Jeremy Jackson <[EMAIL PROTECTED]> writes:
> Ronald G Minnich wrote:
>
> > On 27 Feb 2001, Eric W. Biederman wrote:
> >
> > > I know windows can do it. I saw it last week. So I'm going to keep
> > > digging.
> >
> > This is a good point. Somehow windows knows when to ignore the bios, and
> > when not to. It's interesting to see it go, and it gives linux a bad
> > reputation. I've seen it happen.
> >
> > ron
>
> In the case of serial ports, windows may be accessing the superio as a PnP
> device
> or in "MB PNP" mode (thinking about wording used in ITE's superio docs).
> By doing
> it this way, (weither or not windows does) it doesn't matter what the bios
> did (or didn't
> do) other than to respect the settings (like bios ide geometry in bios) if
> they exist.
> I'm not sure that windows has code for every superio out there, so
> maybe it's using the PnP BIOS's pnp device list... linux currently ignores
> this
> and bangs the hardware... and i believe (have to reread ITE docs) when it's
>
> configured in MB pnp mode (by bios), it doesn't respond to pnp probe.

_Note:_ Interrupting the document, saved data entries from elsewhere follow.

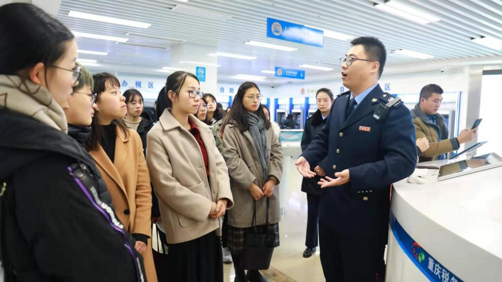 为了加强税收理论与实践融合教学,12月26日下午,KY开元财政金融学院组织2019级16名税务硕士走进重庆市南岸区税务局办税服务厅,开展了一次以学习大数据办税为主题的移动课堂。
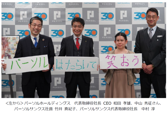 総合人材サービスのパーソルグループで障害者雇用を手掛けるパーソルサンクス株式会社(本社:東京都豊島区、代表取締役社長:中村 淳、以下パーソルサンクス)は創業30周年を迎えたことを記念し、「私にとっての笑顔」をテーマに、パーソルサンクスおよびパーソルグループ各社の社員やご家族からアート作品を募集。一般社団法人 障がい者自立推進機構のご協力のもと、3月23日(水)~30日(水)の間、集まった作品の展覧会を開催しております。また、今回集まった作品、パラリンアート世界大会2021準グランプリ作品「平和の笑顔」(田尻 はじめ作)およびタレントの中山 秀征さんの揮毫(きごう)作品とコラボしたモザイクアートも一緒に展示しております。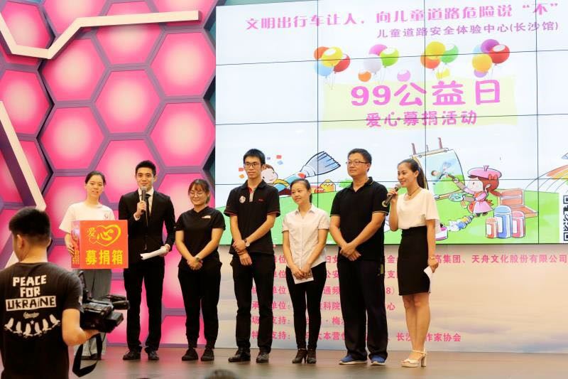 此次爱心捐赠活动分为两部分:一是线上众筹,7-9日三天通过腾讯公益官方平台进行募捐;二是线下活动,即“99公益日”当天的落地公益活动。此次落地活动,现场人气颇高,互动热烈,来自非凡国际心理中心的专业教师与长沙市交警支队的4名交警为孩子们带去交通安全主题的互动游戏与现场教学,儿童道路安全体验中心(长沙馆)还组织开展了交通知识竞答赛以及亲子安全闯关等多项交通安全体验活动。湖南交通频道(FM91.8)全程直播,多家媒体同步报道。湖南省妇女儿童发展基金会副理事长兼秘书长周萍参加活动并讲话。

> (I've submitted idea to linux-kernel regarding this)
> if you look at 2.4's PCI, it can try direct hardware access first, but
> *can* fall
> back to BIOS access.... having the linux kernel able to do the same for PnP
>
> might catch things like the serial port, but would also enable things like
> laptop hotdock (and there's not much chance linux will do hot dock on *my*
> Compaq laptop any other
> way - unless someone has a 3D xray or spies who can get schematics)
PNP support in the kernel would be nice. However it avoids the
problem rather than tackling it. In particular I know the superio
on the L440GX motherboard is hardwared not to be isa PNP.